Reputation: 17107
I am trying to create a dataframe in pyspark, then write it as a Hive table, and then read it back, but it is not working...
sqlContext = HiveContext(sc)
hive_context = HiveContext(sc) #Initialize Hive
#load the control table
cntl_dt = [('2016-04-30')]
rdd = sc.parallelize(cntl_dt)
row_cntl_dt = rdd.map(lambda x: Row(load_dt=x[0]))
df_cntl_dt = sqlContext.createDataFrame(row_cntl_dt)
df_cntl_dt.write.mode("overwrite").saveAsTable("schema.cntrl_tbl")

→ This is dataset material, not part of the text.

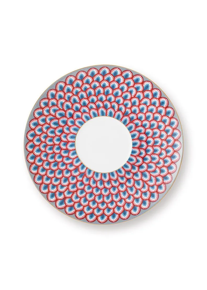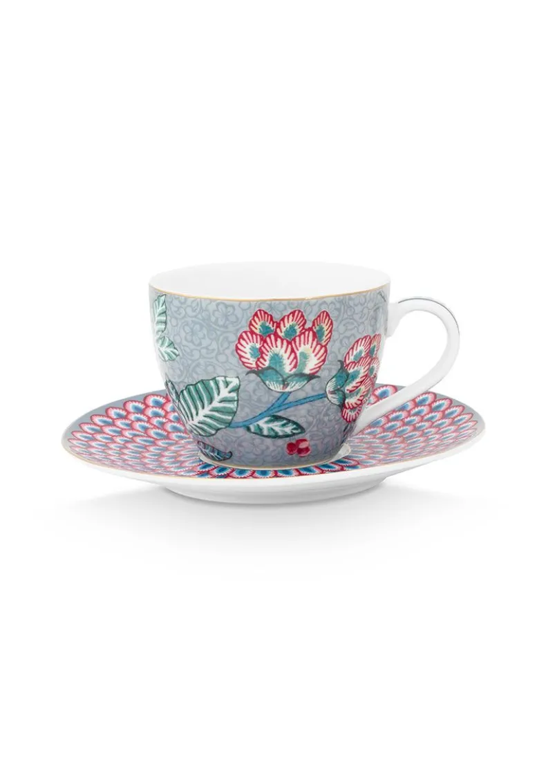 Vul Je Servies Aan Met Deze Flower Festival Espresso Kop & Schotel. Onze Espresso Kop & Schotel Heeft Een Blauwe Achtergrond En Is Versierd Met Het Elegante Flower Festival Dessin. Dit Rijke Bloemendessin Is Opgebouwd Uit Een Variatie Van Fantasierijke Rode En Roze Chintzbloemen Met Lichtblauwe En Groene Bladeren. De Speels Geplaatste Bloementakjes Met Uitgewerkte Gedecoreerde Bloemen En Bladeren Geven Dit Verfijnde Dessin Een Extra Rijke Beleving. Met Ons Flower Festival Porselein Zul Je Jouw Servieskast En Tafel Laten Stralen.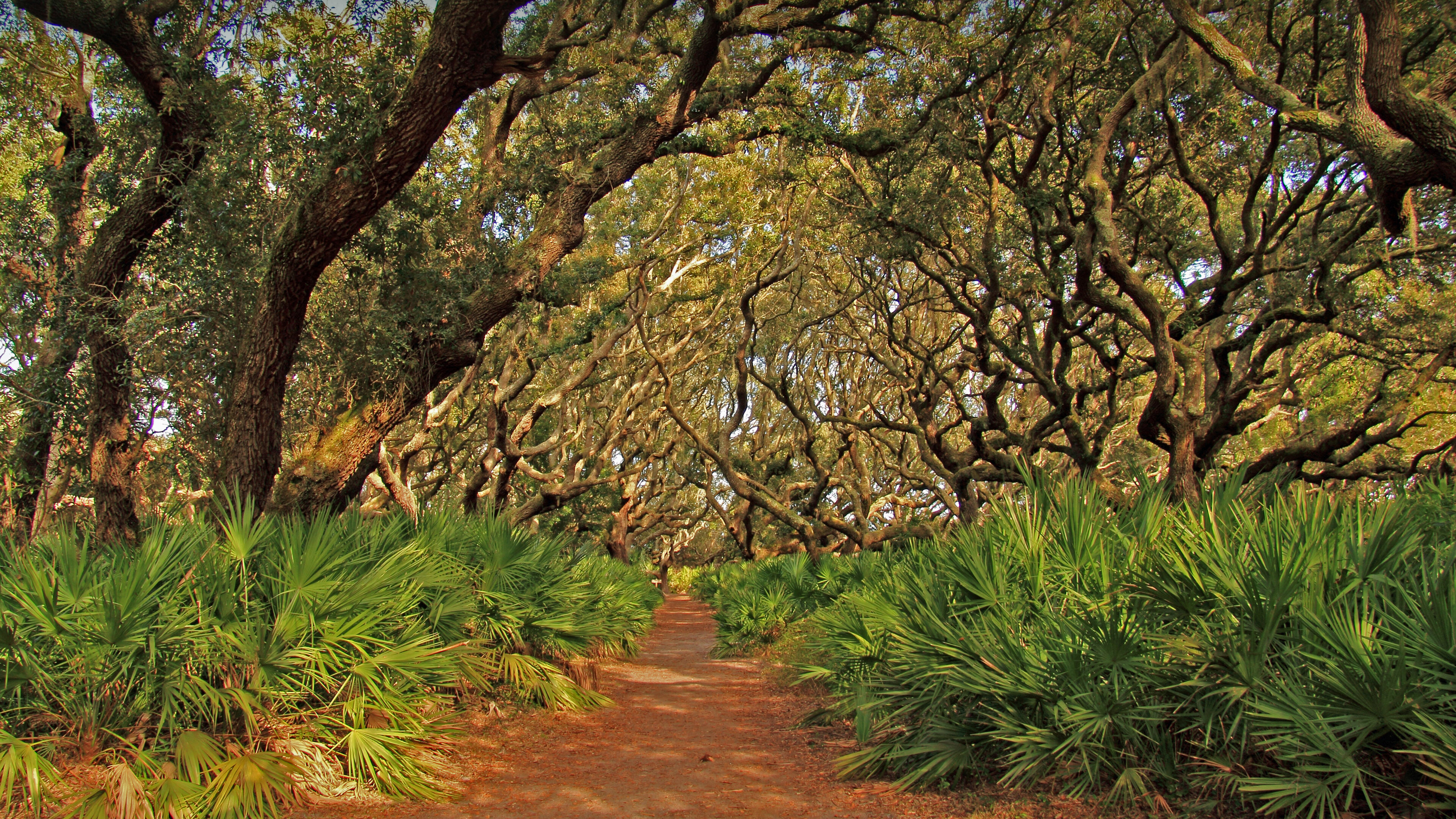 A captivating 4K wallpaper of a tranquil path winding through the ancient Live Oak forests of Cumberland Island National Seashore, Georgia. Dappled sunlight filters through the dense, sprawling canopy of gnarled Live Oak branches, illuminating the vibrant green undergrowth and the inviting sandy path.

load_dt = hive_context.sql("select load_dt from schema.cntrl_tbl" ).first()['load_dt'];
print (load_dt)
Prints: 2
I expect :2016-12-31
Upvotes: 0
Views: 538
Reputation: 35249
This is because:
cntl_dt = [('2016-04-30')]
is not a valid syntax for a single element tuple
. Quotes will be ignored and result will be the same as:
['2016-04-30']
and
Row(load_dt=x[0])
will give:
Row(load_dt='2')
Use:
cntl_dt = [('2016-04-30', )]
Also you're mixing different context (SQLContext
and HiveContext
) which is generally a bad idea (and both shouldn't be used in any recent Spark version)
Upvotes: 1